DATASET RECORDS:
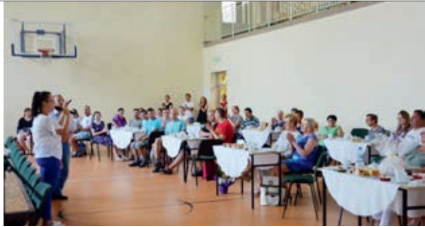
Uczniowie zaprezentowali zarówno utwory muzyczne jak i układy taneczne
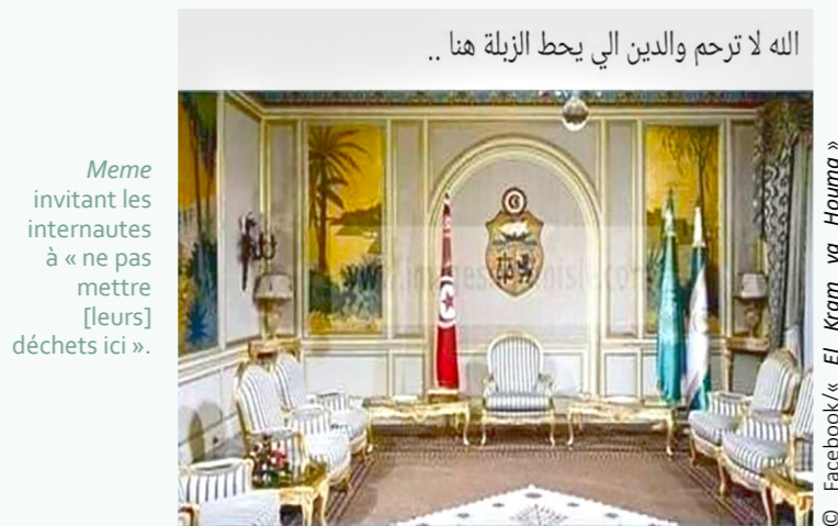
Meme invitant les internautes à « ne pas mettre [leurs] déchets ici ».

Je vous rencontre aujourd'hui afin d'examiner le sujet de l'enlèvement des déchets à Sfax. L'accumulation de causes depuis de nombreuses années, qui a donné lieu au problème environnemental que tout le monde connaît aujourd'hui, a un aspect objectif [mawdhou'i]. Mais nous devons aussi informer les Tunisiens que cette affaire
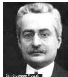
San Giuseppe Moscati
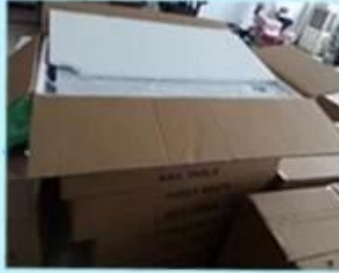
Step2: Wrapping with polly and padding.
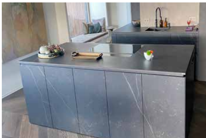
Die Küche wurde vollständig aus Dekton Kelya in 2 cm Stärke kombiniert mit 4 mm Fronten aus demselben Material strukturverlaufend verkleidet.
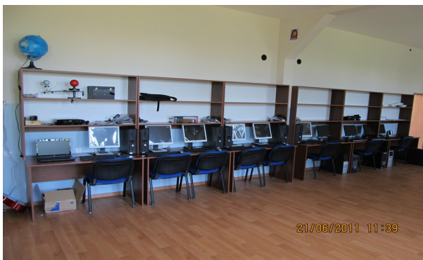
Shkolla "Z.L.Marku" në Brekoc

■ Gjatë muajit qershor, bashkëpunëtorët profesional të terrenit kanë ndihmuar 114 shkollat përfituese të rundit të parë që të respektojnë procedurat e prokurimit dhe të kompletojnë dokumentet e nevojshme, si parakusht për të marrë aprovimin nga Ekipi Koordinues i Projektit në MASHT për nënshkrimin e kontratave me kompanitë fituese. Si rezultat i punës së BPT shumë shkolla kanë arritur që të nënshkruajnë kontratat me kompanitë përfituese dhe të pranojnë mallrat dhe shërbimet e kontraktuara.
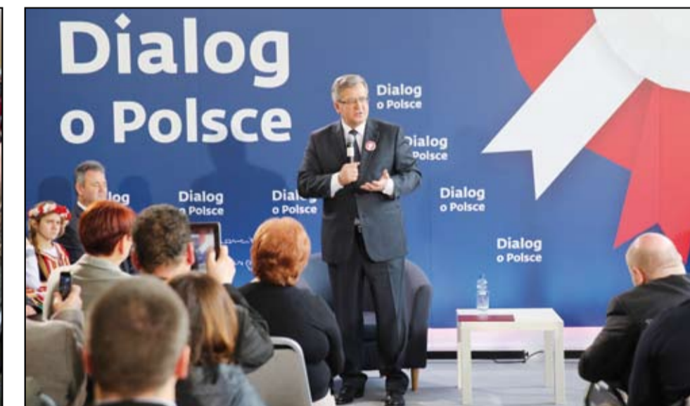
Prezydent RP dziękuje za serdeczne przyjęcie w naszej gminie. Spotkanie trwałoby dłużej gdyby nie wyjazd Prezydenta w dniu następnym do Tunezji na marsz przeciw terroryzmowi.
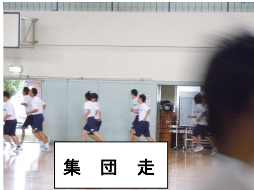
集 団 走

保健体育科の授業は、授業の開始の礼の時間を「5秒間」とり、その後の準備体操の集団走では、元気よく「1・2・3・4・5」のかけ声をかけている。それが「静」から「動」へのけじめとなる。
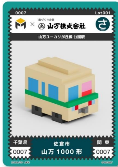
写真：ボクセルアートコレクションカード「metaca」山万限定デザイン
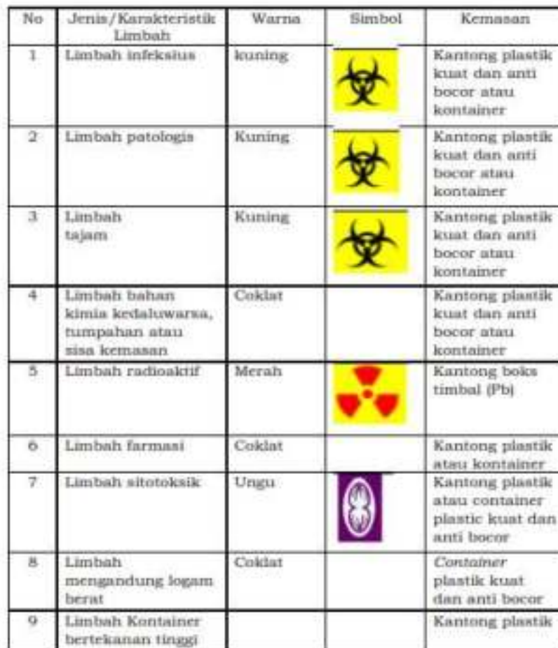
Tabel 27. Jenis/Karakteristik Limbah, Warna, Simbol, dan Kemasan Limbah B3
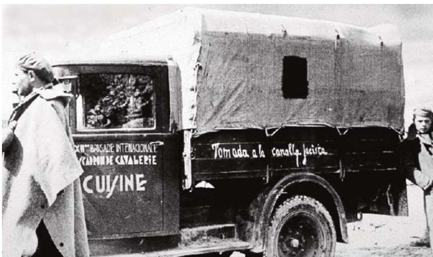
La camionetta dell'intendenza usata nella battaglia di Guadalajara dallo squadrone di cavalleria della XII Brigata Internazionale: era stata "sottratta alla canaglia fascista" (sic).

La battaglia di Guadalajara è la prima grande battaglia vinta sul fascismo nel mondo ed anche l'ultimo grande trionfo delle forze repubblicane e antifasciste in Spagna. La vittoria fu possibile grazie alle Brigate Internazionali.
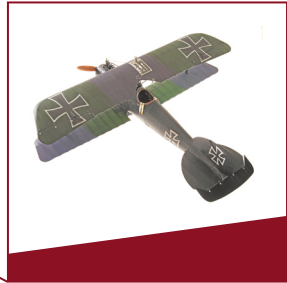
Flugzeugmodell Jagdflugzeug Albatros D V von 1917.
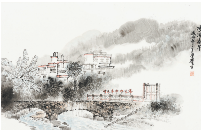
国画《凌源春早》詹艺绘
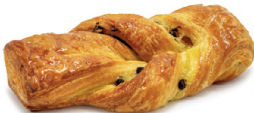
COD: GRANZ GRANZELLA CREMA E GOCCE DI CIOCCOLATO prelievitato pasta sfoglia crema e gocce di cioccolato
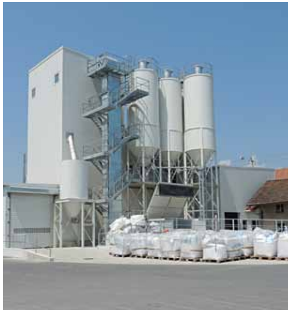
Figure: BFT International

All rotating parts, such as stirring and mixing arms and screw, are inside the mixer, thus effecting the high mixing action. This system eliminates large rotating parts such as a mixer trough. Limit switch and special closing mechanism are situated on the mixer cover, which comes with the usual accessories and an especially fixed unit for adding various additives. As these mixer parts can be replaced outside the actual mixing unit, safety is ensured
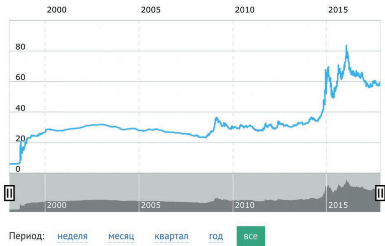
График 1.1. Курс доллара к рублю

А как он менялся раньше? По-разному. Вот график:
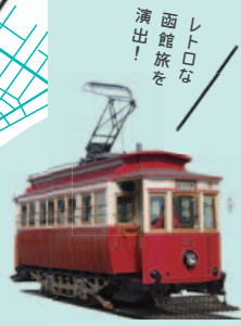
箱館市電のレトロ電車「箱館ハイカラ号」 4月中旬から10月末までの主に土日祝日に運行。
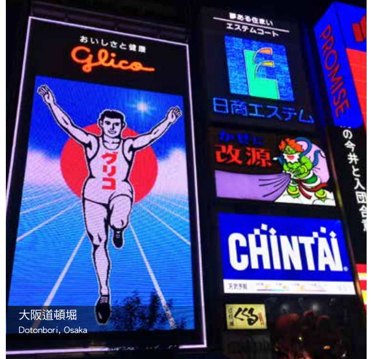
大阪道頓堀 Dotonbori, Osaka
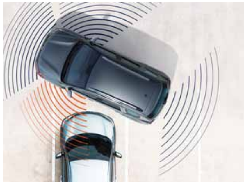
KAMERA ZA PRIKAZ RAZLIČNIH POGLEDOV
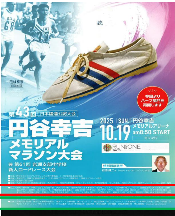
例:大会プログラム(企業ロゴの記載はありません)
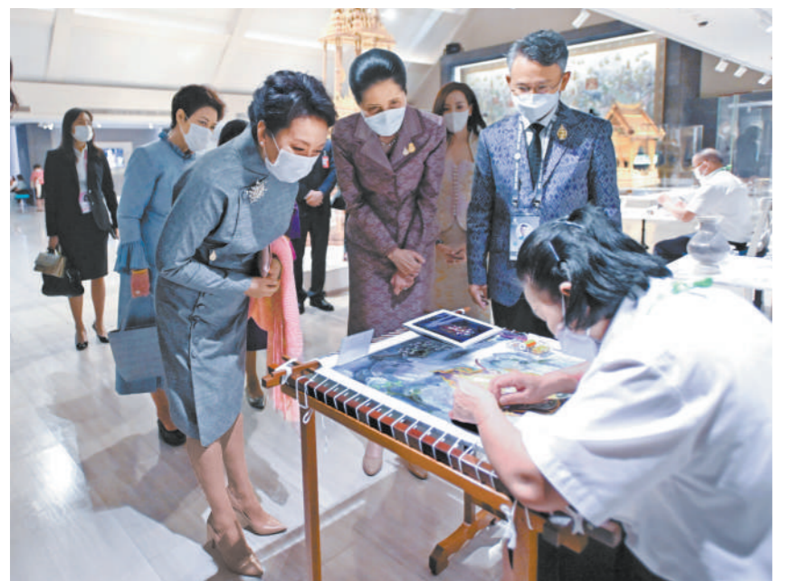
当地时间18日上午,应泰国总理夫人娜拉蓬邀请,国家主席习近平夫人彭丽媛同参加亚太经合组织第二十九次领导人非正式会议的部分经济体领导人及代表的配偶共同参观大城府国家艺术博物馆。这是彭丽媛在娜拉蓬的陪同下参观泰国传统手工艺展示。

WHAT YOU HAVE TO DO:
A word-for-word repeat of the lines from the line with "保健体育科の授業は、授業の開" to the last line of the data, both ends included and pictures left out, is all that should appear.

ANSWER SPACE:
保健体育科の授業は、授業の開始の礼の時間を「5秒間」とり、その後の準備体操の集団走では、元気よく「1・2・3・4・5」のかけ声をかけている。それが「静」から「動」へのけじめとなる。
写真：ボクセルアートコレクションカード「metaca」山万限定デザイン
Tabel 27. Jenis/Karakteristik Limbah, Warna, Simbol, dan Kemasan Limbah B3
La camionetta dell'intendenza usata nella battaglia di Guadalajara dallo squadrone di cavalleria della XII Brigata Internazionale: era stata "sottratta alla canaglia fascista" (sic).

La battaglia di Guadalajara è la prima grande battaglia vinta sul fascismo nel mondo ed anche l'ultimo grande trionfo delle forze repubblicane e antifasciste in Spagna. La vittoria fu possibile grazie alle Brigate Internazionali.
Flugzeugmodell Jagdflugzeug Albatros D V von 1917.
国画《凌源春早》詹艺绘
COD: GRANZ GRANZELLA CREMA E GOCCE DI CIOCCOLATO prelievitato pasta sfoglia crema e gocce di cioccolato
Figure: BFT International

All rotating parts, such as stirring and mixing arms and screw, are inside the mixer, thus effecting the high mixing action. This system eliminates large rotating parts such as a mixer trough. Limit switch and special closing mechanism are situated on the mixer cover, which comes with the usual accessories and an especially fixed unit for adding various additives. As these mixer parts can be replaced outside the actual mixing unit, safety is ensured
График 1.1. Курс доллара к рублю

А как он менялся раньше? По-разному. Вот график:
箱館市電のレトロ電車「箱館ハイカラ号」 4月中旬から10月末までの主に土日祝日に運行。
大阪道頓堀 Dotonbori, Osaka
KAMERA ZA PRIKAZ RAZLIČNIH POGLEDOV
例:大会プログラム(企業ロゴの記載はありません)
当地时间18日上午,应泰国总理夫人娜拉蓬邀请,国家主席习近平夫人彭丽媛同参加亚太经合组织第二十九次领导人非正式会议的部分经济体领导人及代表的配偶共同参观大城府国家艺术博物馆。这是彭丽媛在娜拉蓬的陪同下参观泰国传统手工艺展示。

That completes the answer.